В эту минуту доложили о его преосвященстве кардинале де Жуаезе.
— А! Вот кстати, — воскликнул король, — явился ученый человек, наш друг; уж он-то скажет нам это без запинки!
— Государь, — молвил кардинал, — неужели мне посчастливилось прийти кстати?
— Право слово, очень кстати; вы слышали мой вопрос?
— Ваше величество, Сулле, погубившему множество людей, опасность лишиться жизни угрожала только в сражениях.
— Да, припоминаю: в одном из этих сражений он был на волосок от смерти… Прошу вас, кардинал, раскройте Плутарха и прочтите место, где повествуется о том, как благодаря быстроте своего белого коня римлянин Сулла спасся от вражеских дротиков.[55]

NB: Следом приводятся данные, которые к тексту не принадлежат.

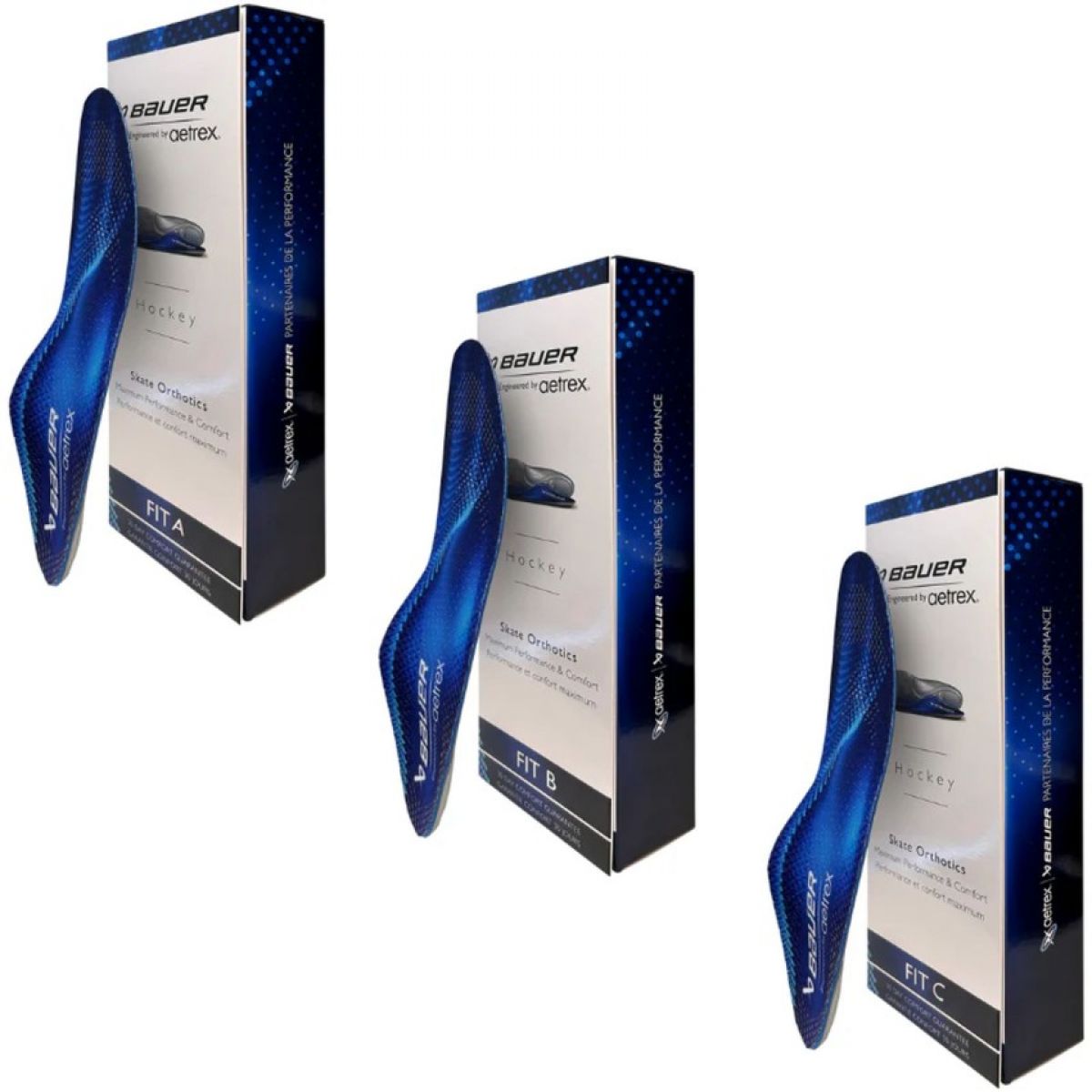 Aetrex Orthotic Hockey Skate Insoles. The foot is composed of a complex system of bones, ligaments, and tendons that must be incredibly flexible and stable during skating. Aetrex® orthotic insoles for ice skaters are designed to increase strength and power by eliminating negative space in the shoe and stabilizing the foot to improve efficiency with every step. Using data and knowledge from over 50 million foot scans, Aetrex®, a leader in orthotic insoles, has partnered with Bauer Hockey to develop three specialized insoles for ice skates. These insoles are designed to help address common foot problems and discomfort that can result from overpronation, forefoot compression, and inadequate arch support. Key Features: Fit A Insole: Designed for skaters with low or flat arches. It features medial rearfoot support and longitudinal arch support to keep the foot in proper alignment. Fit B Insole: Designed for skaters with a medium arch and minimal pronation. Designed to absorb shock, stabilize the foot, and improve the efficiency of each stride. Fit C Insole: Designed for skaters with a high arch and a high forefoot pressure. It helps reduce pressure on the metatarsal and provides the cushioning and support necessary for more even pressure distribution. Aetrex Orthotic hockey skate insoles are designed to provide excellent support and comfort for all foot types. With a precise fit and advanced materials, these insoles help improve performance, stability, and comfort while skating. Choose the right model for your needs and enjoy better control and comfort on the ice.

— Государь, излишне раскрывать Плутарха; это событие произошло во время битвы, которую он дал самниту Телезину и луканцу Лампонию…
— Теперь объясните мне, почему враги никогда не покушались на столь жестокого Суллу? — спросил король после недолгого молчания.
— Ваше величество, — молвил кардинал, — я отвечу вам словами того же Плутарха.
— Отвечайте, Жуаез, отвечайте!
— Карбон, заклятый враг Суллы, зачастую говорил: «Мне приходится одновременно бороться со львом и с лисицей, живущими в сердце Суллы; но лисица доставляет мне больше хлопот».
— И он прав, кардинал, — заявил король, — он прав. Кстати, раз уж речь зашла о битвах, имеете ли вы какие-нибудь вести о вашем брате?
— О котором из них? Вашему величеству ведь известно, что у меня их четыре!
— Разумеется, о герцоге д'Арке, друг мой…
— Нет еще, государь.
— Только бы герцог Анжуйский, до сих пор так хорошо умевший прикидываться лисицей, сумел бы хоть ненадолго стать львом!
Кардинал ничего не ответил, ибо на сей раз Плутарх ничем не мог ему помочь: многоопытный придворный опасался, как бы его ответ, если он скажет что-нибудь лестное для герцога Анжуйского, не был неприятен королю.
Убедившись, что кардинал намерен молчать, Генрих снова занялся мастером Ловом; затем, сделав кардиналу знак остаться, он встал, облекся в роскошную одежду и прошел в свой кабинет, где его ждал двор.
При дворе, где люди обладают таким же тонким чутьем, как горцы, которые остро ощущают приближение и окончание бурь, настроение соответствовало обстоятельствам.
Обе королевы были, по-видимому, сильно встревожены.
Екатерина, бледная и взволнованная, раскланивалась на все стороны, говорила отрывисто и немногословно.
Луиза де Водемон ни на кого не смотрела и никого не слушала.
Вошел король.
Взгляд у него был живой, на щеках играл румянец; выражение лица, казалось, говорило о хорошем расположении духа, и на хмурых придворных, дожидавшихся королевского выхода, вид Генриха подействовал, как луч осеннего солнца на купу деревьев, листва которых уже пожелтела.